> GIVEN DATA:
━━━━━━

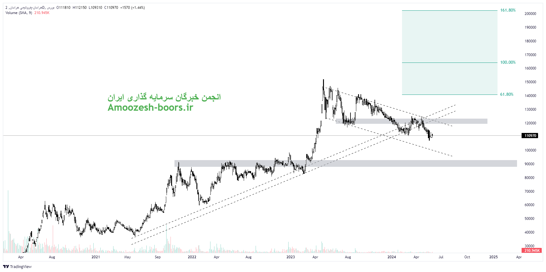 سهم خراسان پس از تایید پولبک به حمایت شکسته شده ناحیه 122000 ریال به اصلاح خود ادامه داده و لذا نزدیکترین حمایت به سهم خراسان ناحیه 90000 ریال در نظر گرفته شده است. همچنین در صورت ایجاد تقاضا در کلیت بازار و صعودی شدن روند سهم خراسان، مقاومتهای 140000 ريال، 165000 ريال و 200000 ریال مهمترین مقاومتهای سهم خراسان به حساب میآیند.
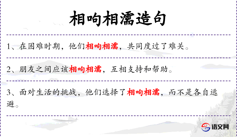 呴:吐口水;濡:沾湿。原指泉水干竭,鱼儿互相吐口水以沾湿求生。后比喻处于困境之中,互相竭力救助。
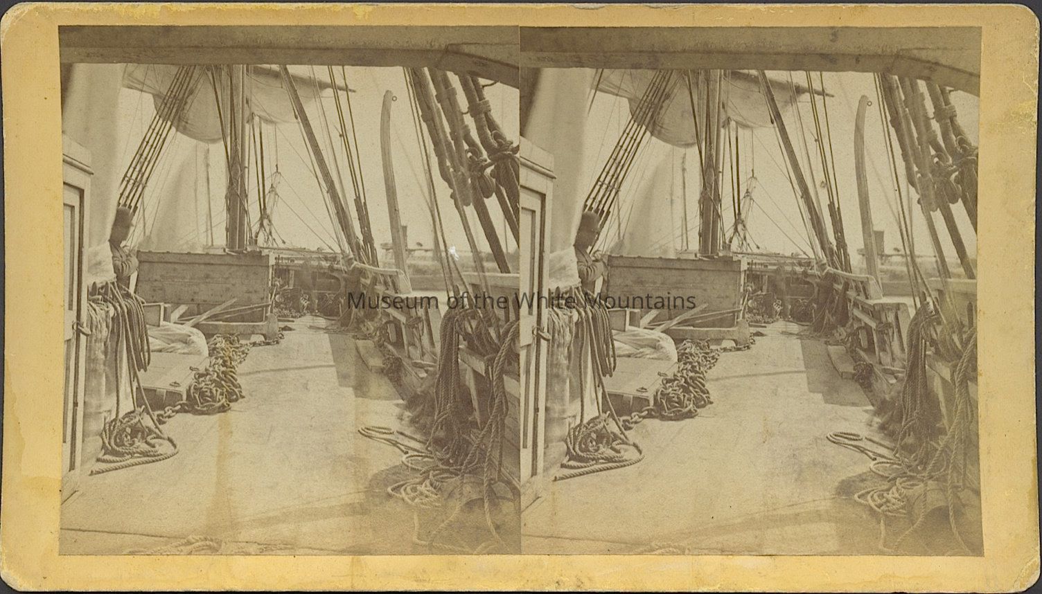 Black and white image aboard a ship. Back Description: Plain

━━━━━━

> EXERCISE DESCRIPTION: Retype the material above exactly, images excluded.

> ANSWER SECTION:
 سهم خراسان پس از تایید پولبک به حمایت شکسته شده ناحیه 122000 ریال به اصلاح خود ادامه داده و لذا نزدیکترین حمایت به سهم خراسان ناحیه 90000 ریال در نظر گرفته شده است. همچنین در صورت ایجاد تقاضا در کلیت بازار و صعودی شدن روند سهم خراسان، مقاومتهای 140000 ريال، 165000 ريال و 200000 ریال مهمترین مقاومتهای سهم خراسان به حساب میآیند.
 呴:吐口水;濡:沾湿。原指泉水干竭,鱼儿互相吐口水以沾湿求生。后比喻处于困境之中,互相竭力救助。
 Black and white image aboard a ship. Back Description: Plain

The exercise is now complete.